**EXERCISE GOAL**
Using the data below, output a verbatim copy of the lines between the one holding "Tên sản phẩm: Gel" and the one holding "- 헤어케어 타입: 두피관리", inclusive, without any pictures.

**DATA TO USE**
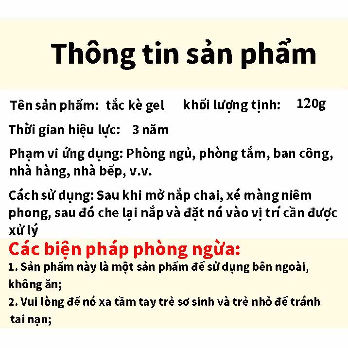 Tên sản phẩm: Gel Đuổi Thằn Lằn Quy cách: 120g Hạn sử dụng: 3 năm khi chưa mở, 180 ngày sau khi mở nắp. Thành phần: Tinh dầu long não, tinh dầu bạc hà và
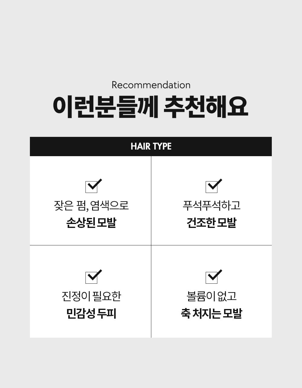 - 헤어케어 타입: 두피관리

---

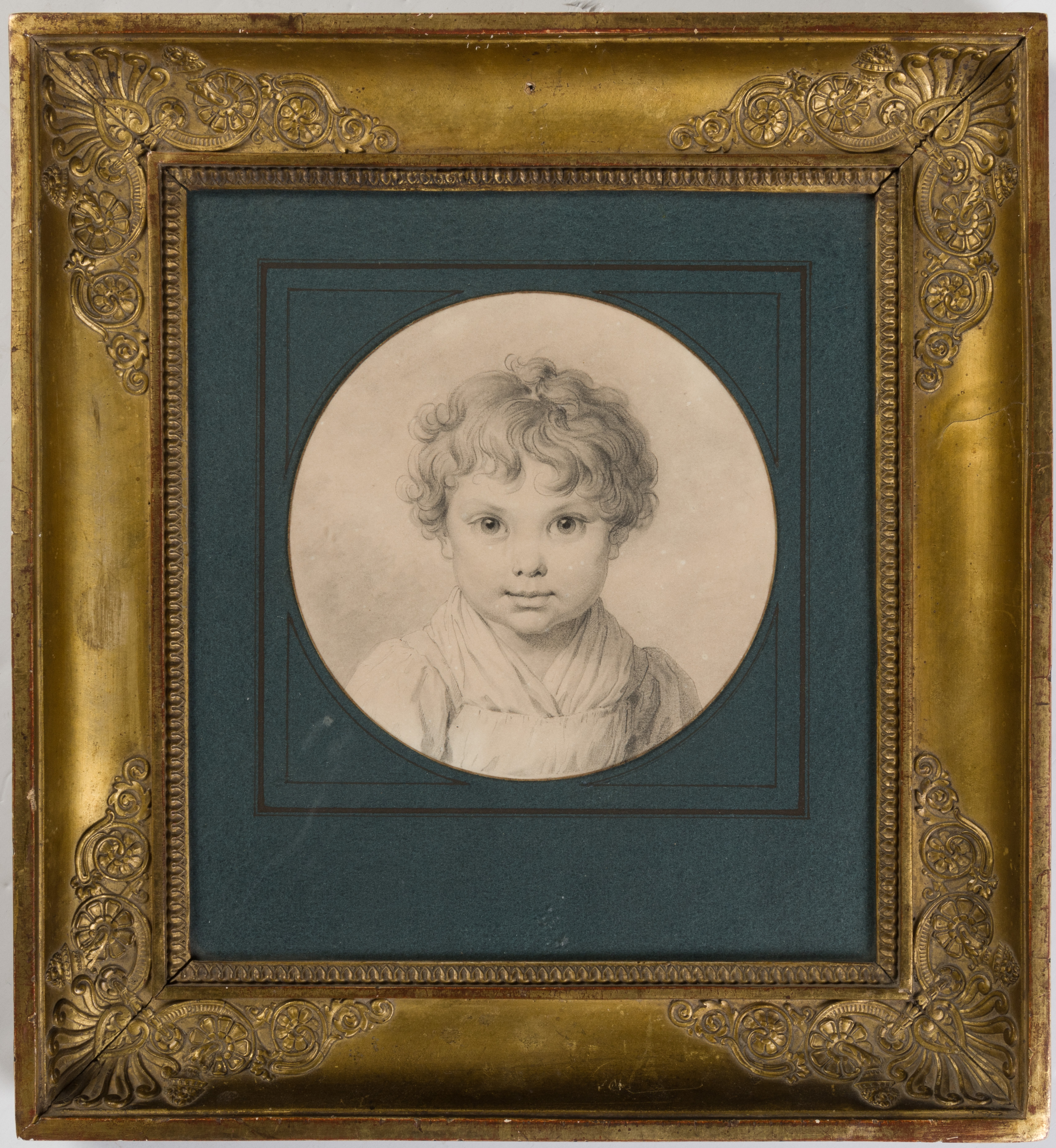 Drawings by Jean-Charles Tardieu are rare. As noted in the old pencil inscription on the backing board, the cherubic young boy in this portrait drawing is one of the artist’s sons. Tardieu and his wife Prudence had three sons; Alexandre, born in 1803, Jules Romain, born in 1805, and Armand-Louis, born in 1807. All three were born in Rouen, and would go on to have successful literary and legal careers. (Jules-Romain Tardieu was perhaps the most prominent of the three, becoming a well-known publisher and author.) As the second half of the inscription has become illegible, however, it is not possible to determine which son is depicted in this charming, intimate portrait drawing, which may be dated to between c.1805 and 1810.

**PROBLEM SOLUTION**
 Tên sản phẩm: Gel Đuổi Thằn Lằn Quy cách: 120g Hạn sử dụng: 3 năm khi chưa mở, 180 ngày sau khi mở nắp. Thành phần: Tinh dầu long não, tinh dầu bạc hà và
 - 헤어케어 타입: 두피관리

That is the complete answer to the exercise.